Никакая копия и самая лучшая репродукция не могут передать то незабываемое ощущение триумфа живописи, которое испытывает любой человек, входящий в узкое продолговатое помещение Оратории, лишённое дневного освещения, когда в полумраке с искусственной подсветкой в глубине, как окно в реальный мир, его взору предстаёт огромная картина, потрясающая жестокостью изображённой казни. Если искусство способно выражать зло и безнадёжность мира, то это как раз тот случай.
После завершения работы над огромным полотном Караваджо почувствовал страшную усталость и пустоту. Ему вдруг вспомнилось, что во время торжественного акта возведения в рыцарский сан он был настолько взволнован происходящим, что не придал значения и толком не понял произнесённых на латыни слов
Будучи натурой импульсивной, он верил в недобрые предчувствия, и им овладела хандра. В такие минуты его тянуло в порт, где он с тоской во взгляде провожал отплывающие фрегаты и галеры, увозящие мечту о Риме. Тогда же для одного из близких друзей магистра тосканца графа Франческо Антелла, который настойчиво обхаживал его и сулил помощь, был написан «Спящий маленький Амур» (72x105). Сложив крылья, ребёнок Амур забылся сном, зажав в руке стрелу. Но можно также предположить из-за сумрачного света, идущего откуда-то снизу, как из подземелья, что мальчик мёртв, поскольку его малоприятное лицо с полуоткрытым ртом и выступающими зубами кажется рано повзрослевшим, а голое тельце отдаёт мертвенной бледностью. Видимо, вспомнив возмущение заказчиков картины «Мадонна со змеёй», вызванное откровенным показом мужской плоти, на сей раз он оставил эту часть тела в полутени. Нетрудно представить, как граф Антелла отнёсся к этому то ли спящему, то ли усопшему уродцу с вздувшимся животиком. На тыльной стороне холста, возможно, рукой самого заказчика проставлены год написания и имя автора. Это была последняя мальтийская работа Караваджо, в которой нашло отражение состояние подавленности духа, когда перед воспалённым взором художника представала не красота окружающей южной экзотики, а уродство мира.

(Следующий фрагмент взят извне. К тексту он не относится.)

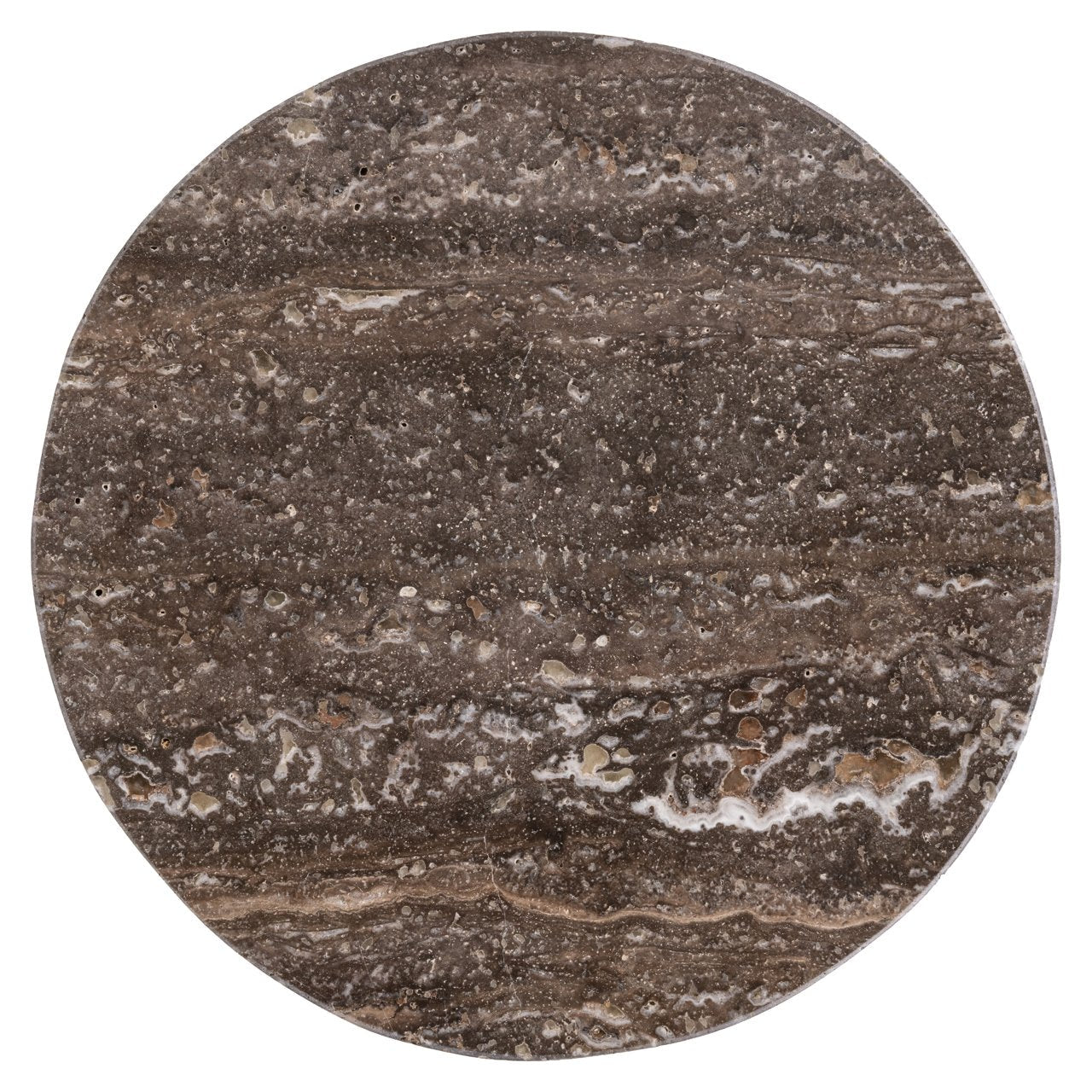 This end table features a round shape with a compact, closed silhouette. The bronze finish with a subtle sheen creates a warm and calm appearance. Its rounded lines make it suitable for placement next to seating furniture or an armchair.
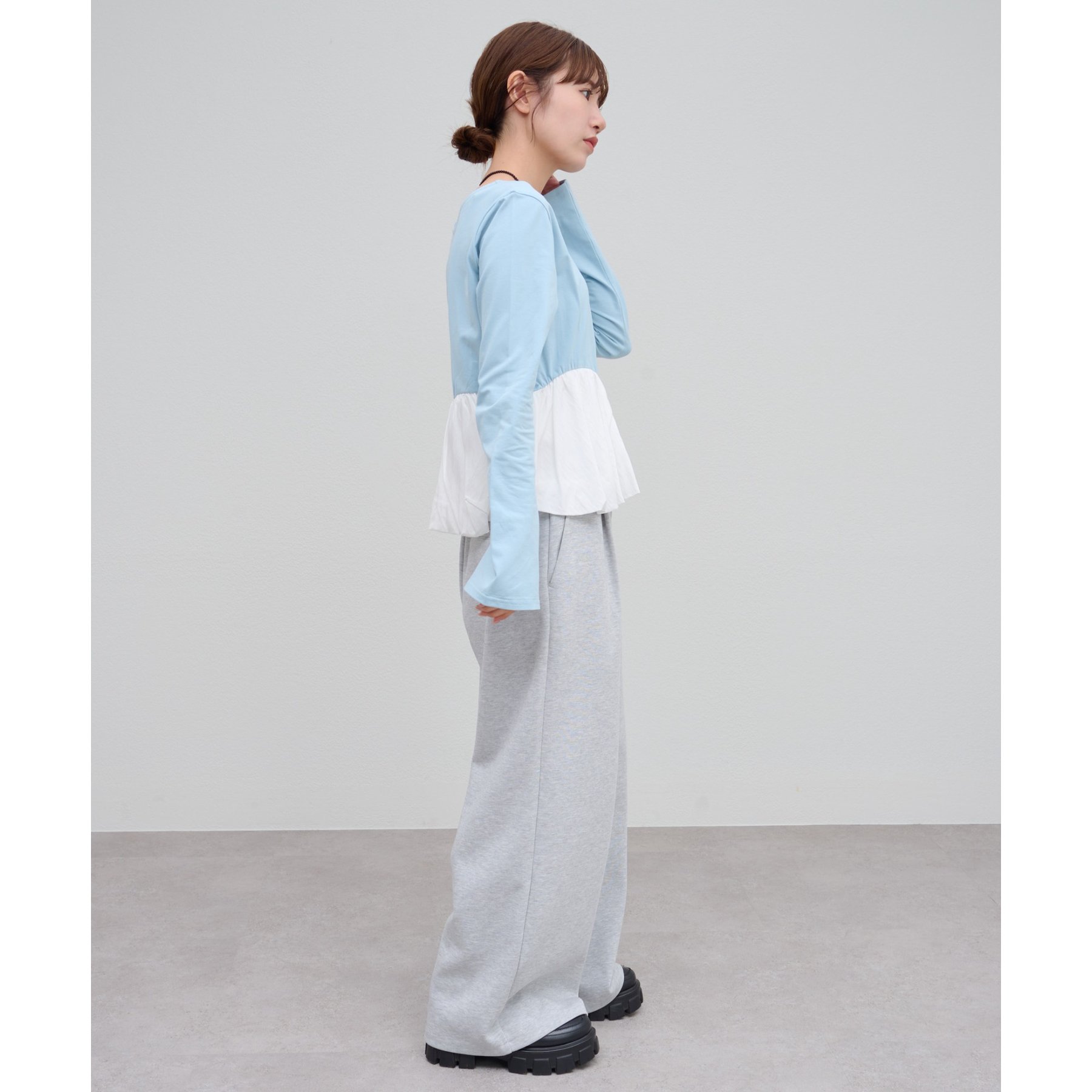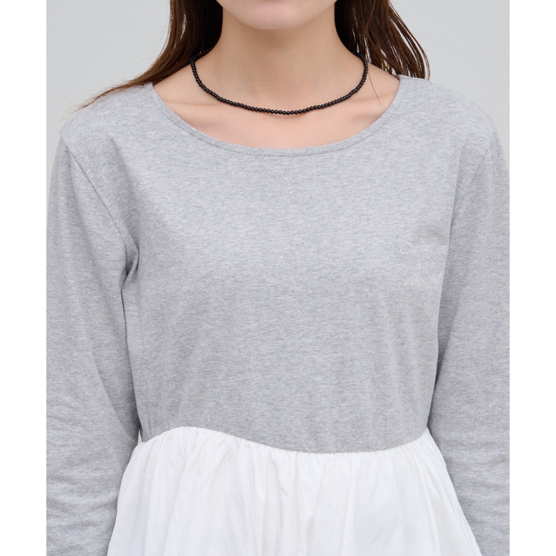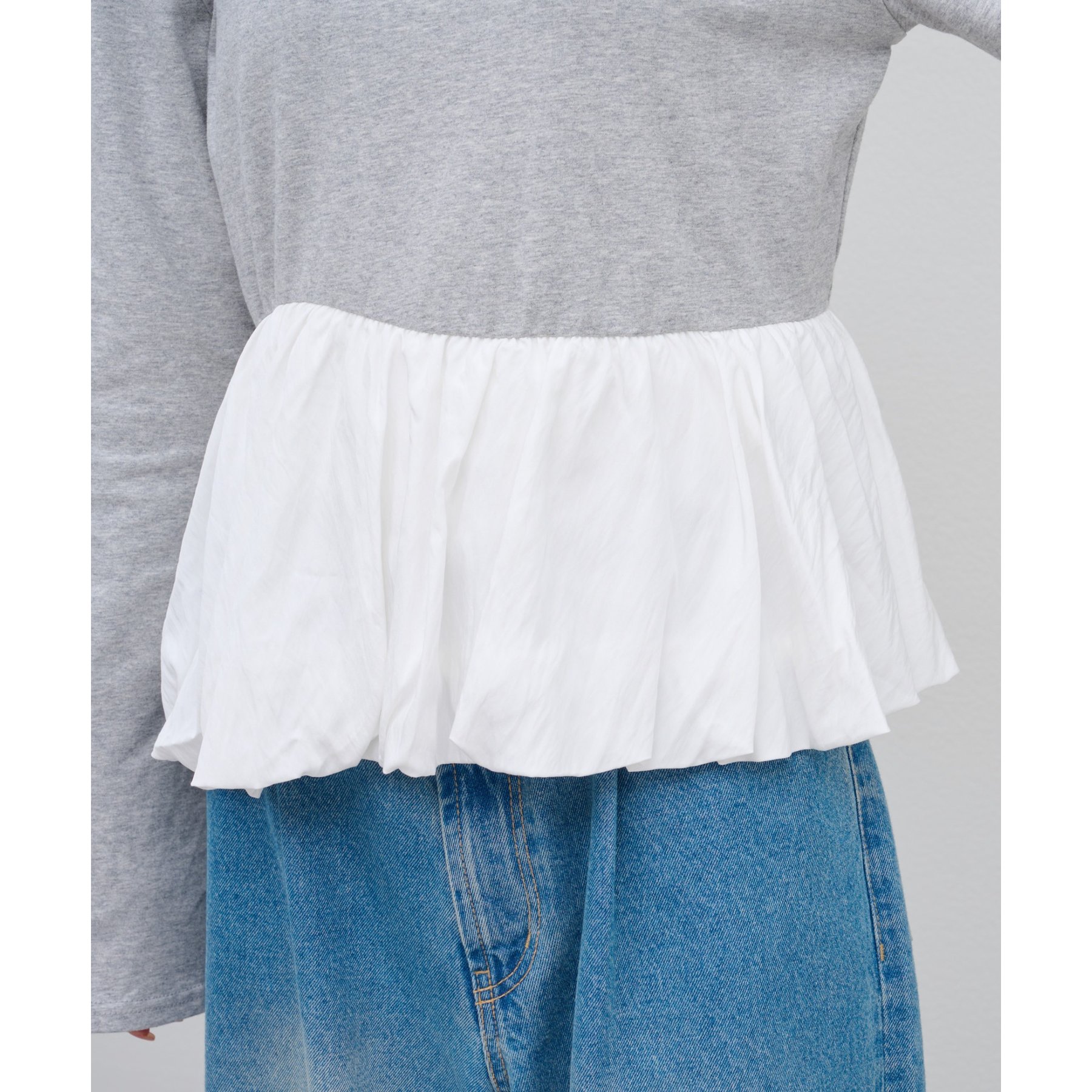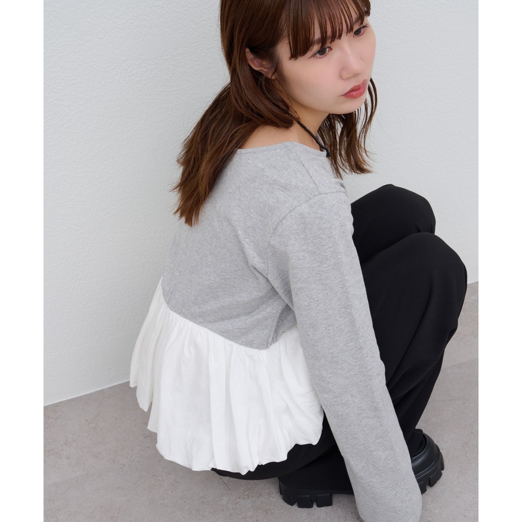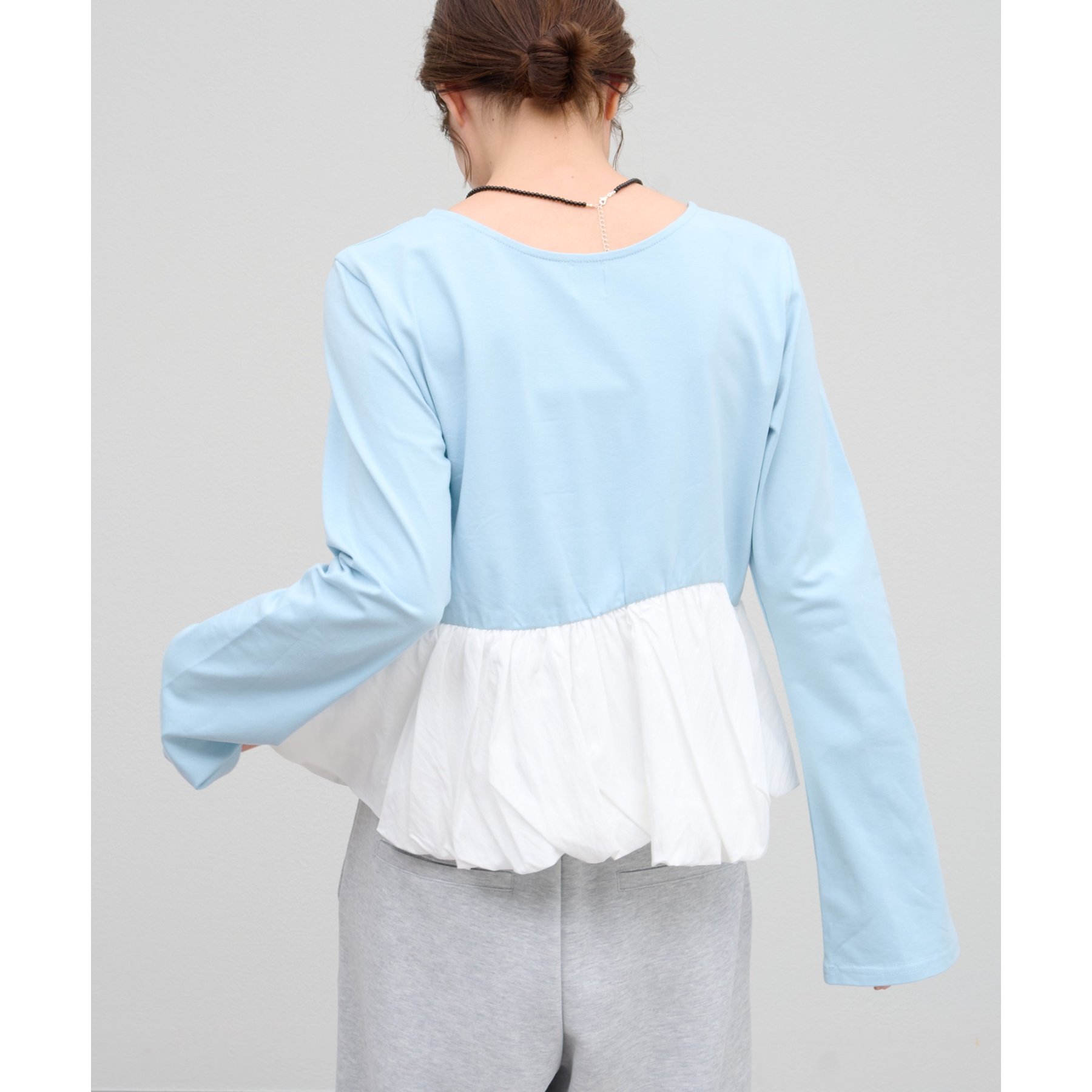 上身頃はスウェットライクなカットソー素材、裾部分はふんわり広がる布帛のバルーンデザインで、異素材の組み合わせがフェミニンな印象をプラスします♪
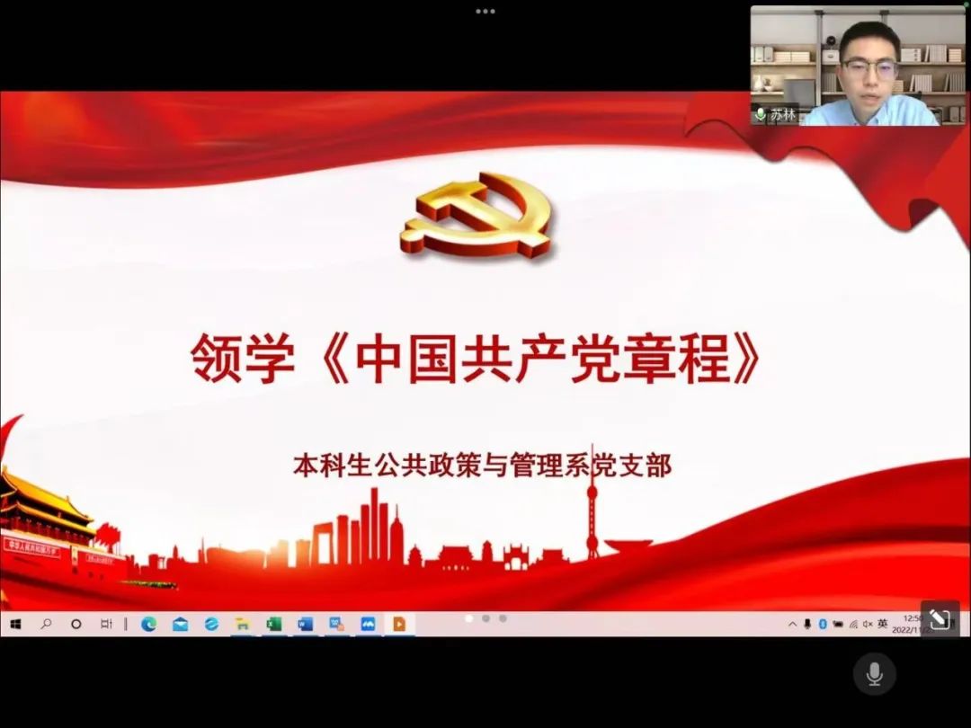 2022年11月25日上午,本科生公共政策与管理系党支部在线上举行了“凝聚力量,团结奋进”的主题党日活动,支部书记苏林同志主持,全体正式党员、预备党员及发展对象参加。
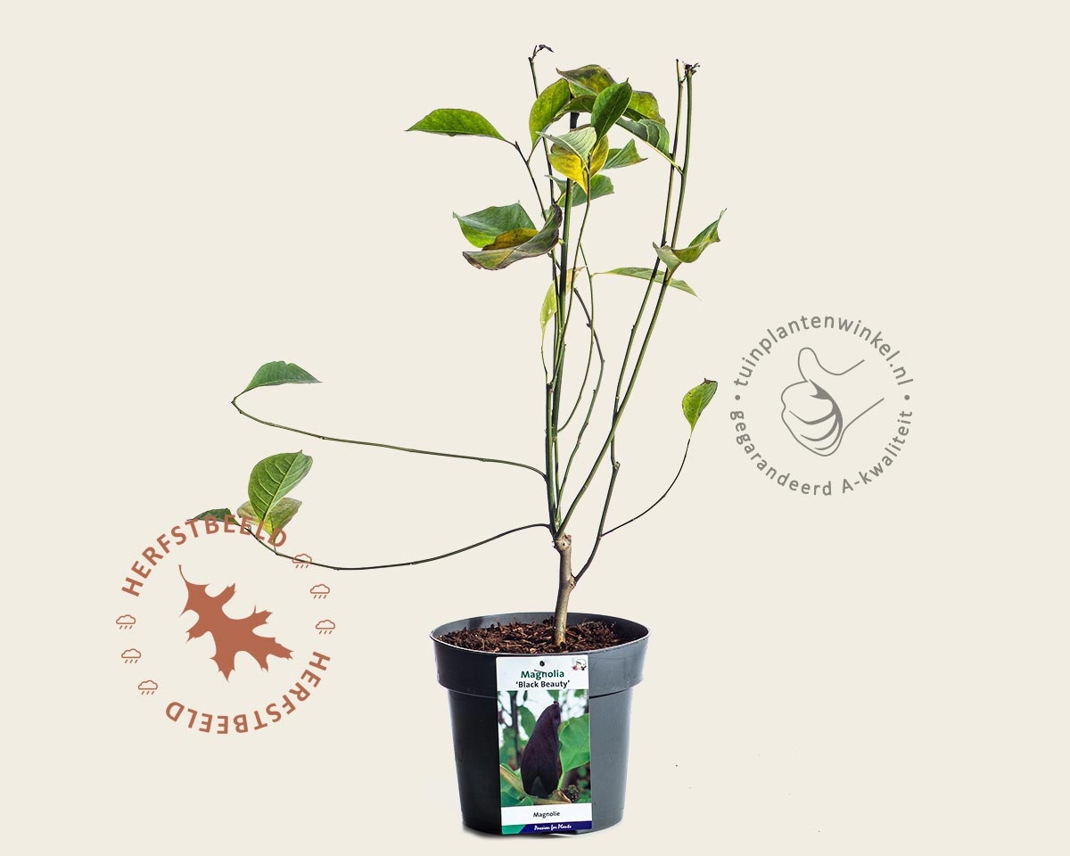 Magnolia ‘Black Beauty’ is een opvallende beverboom die bekend staat om zijn opvallend donkere bloei met diep donkerpaarse bloemen. In sommige bloemen zijn ook gele tinten zichtbaar, wat zorgt voor een bijzonder kleurcontrast naast het wit. De struik of kleine boom vormt een mooi, opgaand gestel met stevig, glanzend groen blad. In mei juni bloeit Magnolia 'Black Beauty' met grote, tulpvormige bloemen die aan de buitenkant donker paarsrood zijn en van binnen lichter kunnen tonen. Omdat de bloemen vaak al verschijnen als er nog weinig blad aan de takken zit, vallen ze extra op. Magnolia 'Black Beauty' kan na 10 jaar een hoogte van 400 cm bereiken. De plant is goed winterhard en daardoor zeer geschikt voor het Nederlandse klimaat. Magnolia 'Black Beauty' is verkrijgbaar op tuinplantenwinkel. Een leuk weetje: Magnolia’s werden al in oude botanische tuinen als “exotische” pronkstukken aangeplant, lang voordat ze in gewone tuinen terechtkwamen.

Изнывая от дикой жары, когда на зубах скрипел песок знойной Сахары и, казалось, плавились мозги, он метался по острову. Всё валилось из рук, так как из Рима до сих пор не пришло никакого известия о помиловании. Почувствовав на себе мёртвую хватку магистра Виньякура, которого интересовали только написанные им картины, Караваджо не знал, с кем посоветоваться и к кому обратиться за помощью. Приглянувшийся ему приор Мартелли уплыл к месту назначения в Мессину, а с ним так хотелось поговорить по душам! Марио, о котором он забыл в суматохе, где-то скрывается от инквизиции или успел сбежать на Сицилию.
Неужели сбывается предсказание римской цыганки и ему надо опасаться недобрых людей? На острове полно тех, кто готов ради собственной выгоды или в споре пойти на всё, вплоть до убийства. Он с опаской стал обходить лабиринт узких улочек, где можно было напороться на нежелательную встречу. В который раз он пытался разглядеть на ладони линию жизни, и рука теперь тянулась не к кисти, а к кинжалу. В конце августа, когда жара достигла своего пика и атмосфера была накалена в прямом и переносном смысле, нервы не выдержали, и у него произошло несколько стычек с братьями по Мальтийскому ордену. Можно с полной уверенностью утверждать, что после одержанного им громкого успеха против него плелись сети заговора, ибо зависть способна на всё. Однажды в одном из трактиров, где он был с кем-то из знакомых, у него произошла громкая ссора с прокуратором казны ордена Джероламо Варейсом, сидевшим за соседним столом. Он то и дело недовольно оборачивался, словно Караваджо мешал ему разговором со своим сотрапезником. Наконец Варейс, встав из-за стола, вызывающе заявил:
— Кто бы ты там ни был, не очень-то заносись. Помни, что рыцарем ты стал из милости, а потому знай своё место и помалкивай!
От неожиданности Караваджо растерялся, не зная, как ответить на наглость. Уже выхватив шпагу, он сдержался, иначе ссора закончилась бы дуэлью.
— Только твоя седина, — воскликнул он, еле сдерживаясь, — мешает мне укоротить твой поганый язык!
— Тебе это припомнится, несчастный, — ответил Варейс, покидая трактир.